OOPS--July is gone
...and I never got around to writing about my word for that month.
The word was MYSTERY!
My neglect in writing did not prevent me
from attempting to dwell in the heart of mystery.
July is my birth month.
Truly it was a mixture of birth/death, wounds/healing, doubt/faith,
hope/discouragement and more.
I've always loved mystery stories.
The greatest of all mysteries is the story of one’s life.
In this month of my birth I prayed with the mystery of my life.
The symbol I used for my prayer was a path, call it what you will: a road, a trail, a track or footpath. The path I chose at the beginning of July was one that led into a forest. It reminded me of the path I used to take through the forest of our old homestead in Arkansas to my Aunt Annie’s house.
On a pathway there is mystery. You can’t always see what’s behind the next tree. Nor can you detect the animal sounds in the forest. Is it friendly? Is it harmful? For some reason, in those young years of my life, I was seldom afraid of the path through the woods. It was mysterious yet strangely known, kind of like God.

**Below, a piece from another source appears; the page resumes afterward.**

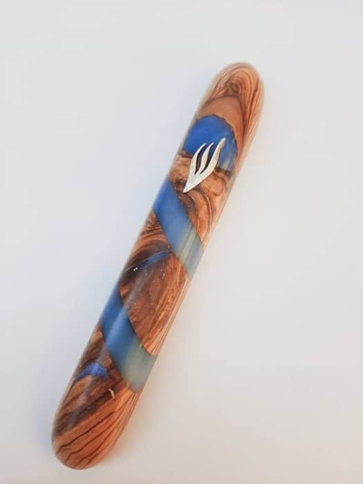 22 בית מזוזה 12 עץ זית ואפוקסי כחול
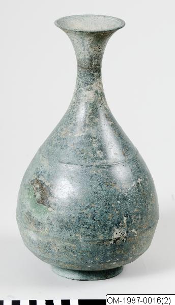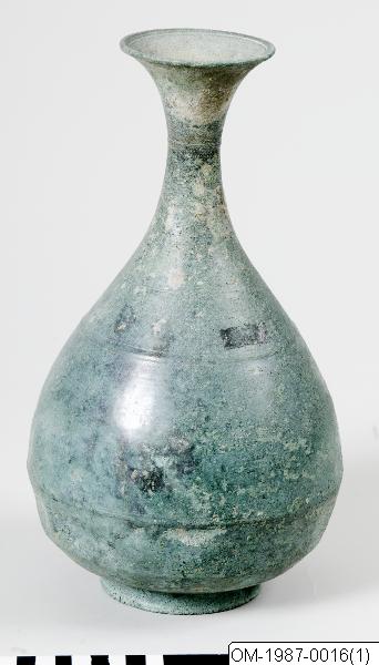 This bronze bottle has a flaring mouth and a pear-shaped bottom-heavy body on a foot. A series of raised and incised lines encircle the whole vessel from the neck to the bottom. Incised lines can also be seen on the interior surface of the mouth. On one side, there is a patch that was mended during the production. The bottle was probably turned on a lathe, in several pieces, and soldered together. The joint lines were covered with decorative lines. The foot and base were made separately and attached, probably soldered, to the body of the vessel. The bottle is almost entirely covered in a bluish-green patina. Bottles of this shape were produced in metal and ceramics. The metal version is assumed to have been used in Buddhist rituals for holding and pouring water or as wine or water bottles in households of the Goryeo elite (Goryeo dynasty: 918-1392).

As I moved into the month of July it occurred to me that it might be fun to take a different path every few days and re-experience some of the mystery stories of my life. There was
- the hillside trail leading from the valley where I lived, up the hill and through the woods that led to St. Mary’s Church and School
- the path around Lake Fort Smith that I miss now that the new lake has been created
- a path from the Quiet House at Laity Lodge (Kerrville TX) to the upper rim of the canyon where I could watch sunrises and sunsets
- an unforgettable green moss trail in the Blue Ridge mountains of North Carolina (Maggie Valley)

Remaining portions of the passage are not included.